Notwithstanding the foregoing, upon any such redemption, the Partnership may elect to acquire all of the outstanding exchangeable shares in exchange for one LP unit per exchangeable share held (subject to adjustment in the event of certain dilutive or other capital events by our company or the Partnership as described above in “— Exchange by Holder — Adjustments to Reflect Certain Capital Events”) plus all unpaid accrued dividends, if any. The acquisition by the Partnership of all the outstanding exchangeable shares will occur on the day prior to the effective date of the liquidation, dissolution or winding up of the Partnership. Partnership unitholders are not entitled to vote on the Partnership’s exercise of the overriding call right described in the preceding sentences.
Conversion to BEPC Class C Shares
The Partnership, or any of its controlled subsidiaries, is entitled to convert each held exchangeable share to a BEPC class C share on a one-for-one basis.
Book-Based System
The exchangeable shares may be represented in the form of one or more fully registered share certificates held by, or on behalf of, CDS Clearing and Depository Services Inc. (“CDS”) or DTC, as applicable, as custodian of such certificates for the participants of CDS or DTC, registered in the name of CDS or DTC or their respective nominee, and registration of ownership and transfers of the exchangeable shares may be effected through the book-based system administered by CDS or DTC, as applicable.

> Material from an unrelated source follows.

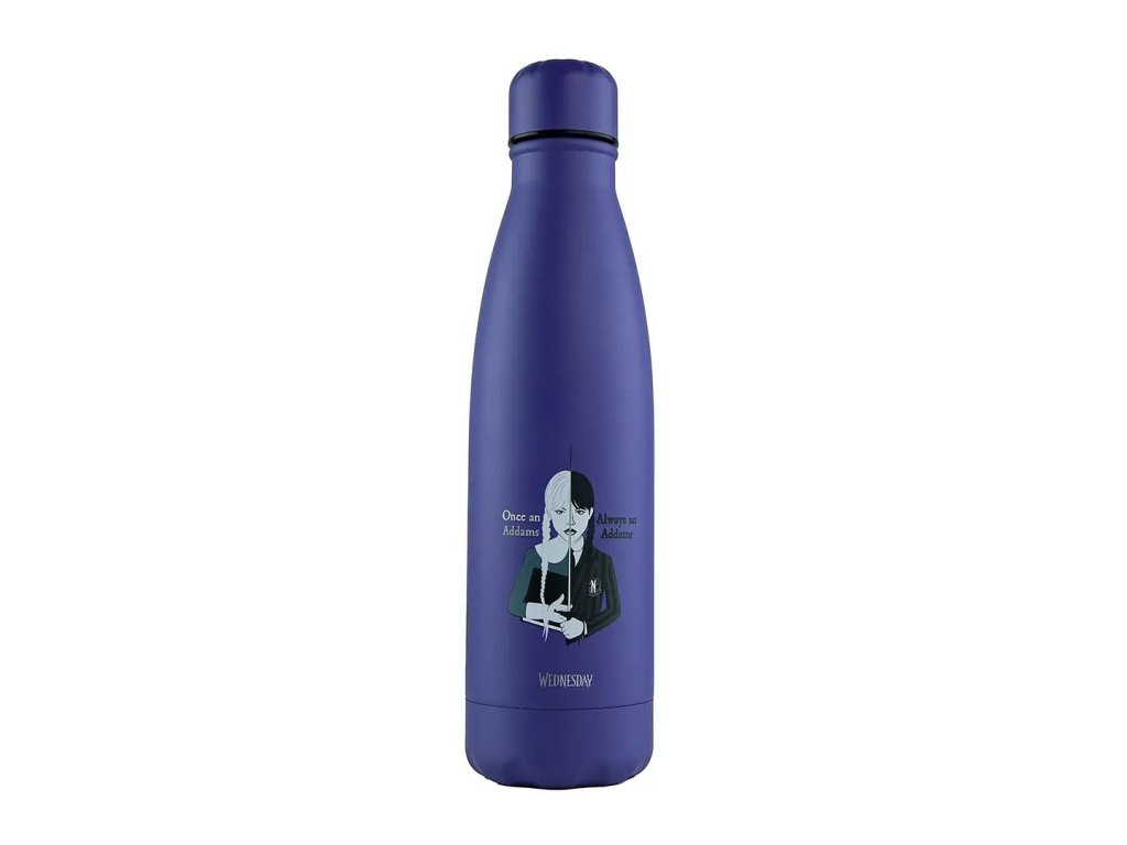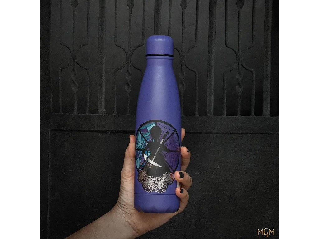 Nerezová fľaša s vodotesným uzáverom a Wednesday Addamsovou hrajúcou na cello bude pekným darčekom aj praktickým spoločníkom do školy, do práce alebo na cesty. Fľaša udrží váš nápoj studený alebo teplý až 15 hodín.

Treatment of Exchangeable Shares in Connection with a Takeover Bid, Issuer Bid or Tender Offer
The exchangeable shares are not LP units and will not be treated as LP units for purposes of the application of applicable Canadian and U.S. rules relating to takeover bids, issuer bids and tender offers. LP units and exchangeable shares are not securities of the same class. As a result, holders of exchangeable shares will not be entitled to participate in an offer or bid made to acquire LP units, unless such offer is extended to holders of exchangeable shares and holders of LP units will not be entitled to participate in an offer or bid made to acquire exchangeable shares, unless such offer is extended to holders of LP units. In the event of a takeover bid for LP units, a holder of exchangeable shares who would like to participate would be required to tender his or her exchangeable shares for exchange, in order to receive a LP unit, or the cash equivalent, at the election of our group, pursuant to the exchange right. If an issuer tender offer or issuer bid is made for the LP units at a price in excess of the market price of the LP units and a comparable offer is not made for the exchangeable shares, then the conversion factor for the exchangeable shares may be adjusted. See “— Exchange by Holder — Adjustments to Reflect Certain Capital Events” for more information on the circumstances in which adjustments may be made to the conversion factor.
Approval Rights
Any amendment or modification that would reasonably be expected to impact the economic equivalence of a exchangeable share with a LP unit requires the affirmative vote of holders of a majority of the outstanding exchangeable shares not held by Brookfield, voting as a class or, in the event that there is more than one non-overlapping director of our company, the approval of a majority of such non-overlapping directors.
Transfer Restrictions
No holder of exchangeable shares shall transfer to any person such number of exchangeable shares such that, after giving effect to the transfer, the transferee, together with its affiliates, would hold a direct and/or indirect interest in voting securities carrying 10% or more of the voting rights attached to all voting securities of our company without the prior approval of the Federal Energy Regulatory Commission, to the extent required.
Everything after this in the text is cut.